== Exercise requirements ==
Take the entries below and print only the lines from the one with "뉴스다 최광묵 기자 |" through the one with "Женские сапоги, сексуальные", exactly as they stand, both ends included.

== Material provided ==
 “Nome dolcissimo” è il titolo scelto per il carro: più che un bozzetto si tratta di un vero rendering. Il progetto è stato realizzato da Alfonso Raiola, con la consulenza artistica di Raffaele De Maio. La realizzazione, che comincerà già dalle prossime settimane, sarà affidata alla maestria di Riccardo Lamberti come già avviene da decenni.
...
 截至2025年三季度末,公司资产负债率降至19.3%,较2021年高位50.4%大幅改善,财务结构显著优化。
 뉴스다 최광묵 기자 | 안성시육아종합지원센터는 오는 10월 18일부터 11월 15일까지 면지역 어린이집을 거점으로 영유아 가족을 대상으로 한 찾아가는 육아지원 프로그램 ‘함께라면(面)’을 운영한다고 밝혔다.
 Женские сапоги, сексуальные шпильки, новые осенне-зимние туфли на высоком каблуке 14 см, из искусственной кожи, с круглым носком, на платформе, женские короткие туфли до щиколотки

== Answer for the task ==
 뉴스다 최광묵 기자 | 안성시육아종합지원센터는 오는 10월 18일부터 11월 15일까지 면지역 어린이집을 거점으로 영유아 가족을 대상으로 한 찾아가는 육아지원 프로그램 ‘함께라면(面)’을 운영한다고 밝혔다.
 Женские сапоги, сексуальные шпильки, новые осенне-зимние туфли на высоком каблуке 14 см, из искусственной кожи, с круглым носком, на платформе, женские короткие туфли до щиколотки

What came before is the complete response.